Problems when classifying after finetuning BERT (Multi-Label)
See original GitHub issueI am following the write-up to a muti-label classification as done here https://towardsdatascience.com/multi-label-classification-using-bert-roberta-xlnet-xlm-and-distilbert-with-simple-transformers-b3e0cda12ce5
I am having some difficulties. I loaded a Dutch base BERT model (from here https://github.com/wietsedv/bertje) and then I train a multi-label model with 50 labels:
import pandas as pd
from sklearn.model_selection import train_test_split
df = pd.read_csv("all_data_withid.csv", encoding="utf8", delimiter=";")
df['labels'] = list(zip(df.label1.tolist(), df.label2.tolist(), ...)) #truncated for brevity
train_df, eval_df = train_test_split(df, test_size=0.3, random_state=123456)
model = MultiLabelClassificationModel('bert', 'bert-base-dutch-cased/bertje-base', num_labels=50, args={'train_batch_size':2, 'gradient_accumulation_steps':16, 'learning_rate': 3e-5, 'num_train_epochs': 1, 'max_seq_length': 512, 'fp16': False})

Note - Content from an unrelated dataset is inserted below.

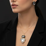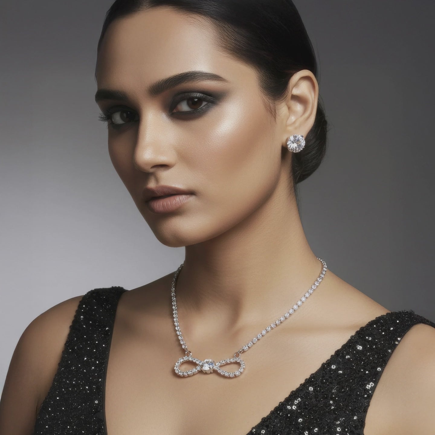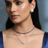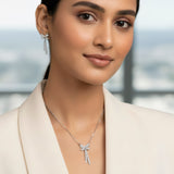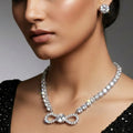 This rhinestone chain pendant set is a gorgeously created piece of jewelry that will add classic beauty to your collection. An infinity-shaped pendant with glittering crystals, representing unending possibilities and eternal love, is the focus. Every crystal is expertly positioned to capture and reflect light, providing a stunning sheen that subtly elevates your look. The pendant's sleek, lightweight shape is complemented by the elegant rhinestone chain, which is both comfortable for daily wear and eye-catching enough for exceptional events. This combination provides a comprehensive design that strikes a mix between sophistication and simplicity when paired with matching earrings. It goes well with both ethnic and western clothing, making it ideal for weddings, parties, anniversaries, and informal get-togethers. It adds elegance and charm to every occasion and is a lovely present.

result, model_outputs, wrong_predictions = model.eval_model(validation_df)
Now the end result is that I get an LRAP score of roughly 0.71. However, now I am a bit puzzled on how to use this model to classify a single new instance. I closed Python, opened it again and loaded my trained model from disk:
model = MultiLabelClassificationModel('bert', 'outputs', num_labels=50, args={'train_batch_size':2, 'gradient_accumulation_steps':16, 'learning_rate': 3e-5, 'num_train_epochs': 1, 'max_seq_length': 512, 'fp16': False})
.
I then tried model.predict(["dit is een test"])
and model.predict(["en nog een compleet andere test"])
and as it turns out the resulting outputs and predictions (always all 0s for every class) for these 2 distinct sentences are exactly the same on all values. I also tried to evaluate (result, model_outputs, wrong_predictions = model.eval_model(validation_df)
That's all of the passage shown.